WHAT THE TASK REQUIRES => Each line from the one with "3-shelf-kit + Large turntable design example" through the last line of the material is to be printed exactly; no other line and no picture belongs in the copy.

INFORMATION SHOWN =>
- - - - -
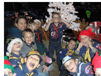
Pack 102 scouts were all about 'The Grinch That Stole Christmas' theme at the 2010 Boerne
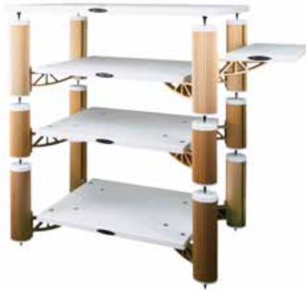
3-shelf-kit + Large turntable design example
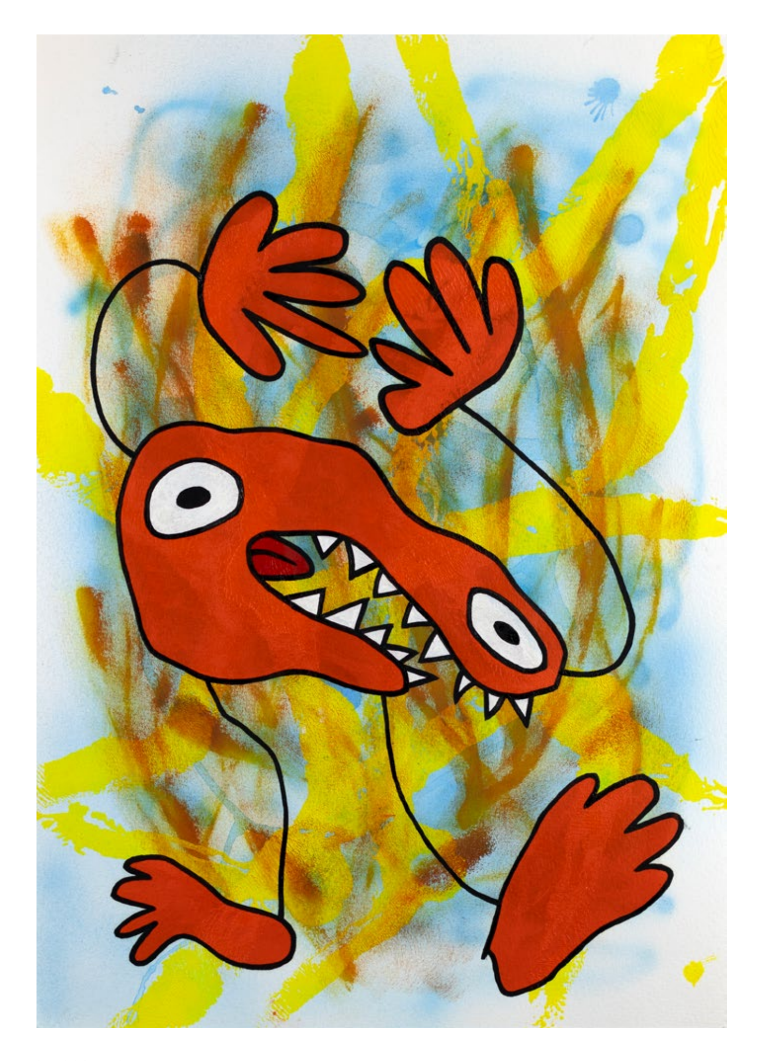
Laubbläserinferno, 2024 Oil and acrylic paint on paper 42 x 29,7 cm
- - - - -
WRITTEN RESPONSE =>
3-shelf-kit + Large turntable design example
Laubbläserinferno, 2024 Oil and acrylic paint on paper 42 x 29,7 cm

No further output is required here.